The true pioneer of latter-day geek rock should be noted as Jonathan Richman, who founded the Modern Lovers in 1970. At a time when most young rockers were hoping they'd die before they got old, the dweeby, nasal-voiced Richman looked forward to the day that he'd be 'Dignified and Old.' He wrote against-the-grain songs about martians and the dangers of drugs, and when he serenaded girls, he was the submissive one, not the aggressor.
Around the same time that Richman was forming the Modern Lovers, a group of artistically inclined Kent State students in Ohio were coming together around their brainiac concept of the "de-evolution" of humankind. Devo's landmark debut album, released in 1978, featured the group singing about such uncool feelings as paranoia and sexual anxiety. With their flowerpot hats and their ludicrous matching yellow jumpsuits, Devo would soon become unlikely MTV superstars.
Absurd theatricality has always been a staple of geek rock. Peter Gabriel's fox-head costumes and songs about talking lawn mowers, all conceived with little or no help from the psychedelic drugs of the day, made Genesis a geek-rock staple in the 1970s. The mysterious, long-running Residents hid their identities behind giant eyeball masks as they dissected rock 'n' roll history like a flayed frog.
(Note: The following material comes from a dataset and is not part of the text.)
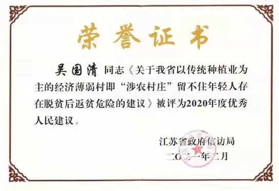 近日,51吃瓜网教授吴国清教授《关于我省以传统种植业为主的经济薄弱村即“涉农村庄”留不住年轻人存在脱贫后返贫危险的建议》被江苏省政府信访局评为“2020年度优秀人民建议”。

The two Johns of They Might Be Giants, the nearly 30-year-old accordion-and-humor-based duo, have often cited their affection for the Residents. TMBG earned their geek-rock stripes early on with songs that celebrated book-learning and word games ('I Palindrome I'), and their science-y songwriting style has since made them favorites on the kid-rock circuit.
Like They Might Be Giants, many geek-rockers are noted for the Professor Frink quality of their singing voices. When the B-52s' Fred Schneider first flaunted his essential nerdiness on 'Rock Lobster,' the band's goofy party vibe helped inspire the closeted geek John Lennon to make a comeback after years as a stay-at-home dad. Jello Biafra, the sarcastic autodidact who skewered middle-class concerns and ran for mayor of San Francisco as the Dead Kennedys' frontman, brought punk's inherent geekiness front and center. The Smiths' Morrissey, the Violent Femmes' Gordon Gano and the Smoking Popes' Josh Caterer have all flown their geek flags high.
At the height of punk provocation, Talking Heads stood out for combining David Byrne's comically well-mannered singing style with a defiantly preppy image. The underrated Feelies likewise helped usher in the seemingly oxymoronic era of "college rock." Meanwhile, Elvis Costello was playing up his own knock-kneed Buddy Holly appearance. A more recent generation has its own representative dweebs in Weezer, whose breakthrough was due in part (fittingly?) to a song called 'Buddy Holly.'
To repeat: It's not the thick glasses that make the geek. It's the excitability.
And if it's not exciting, it ain't rock 'n' roll.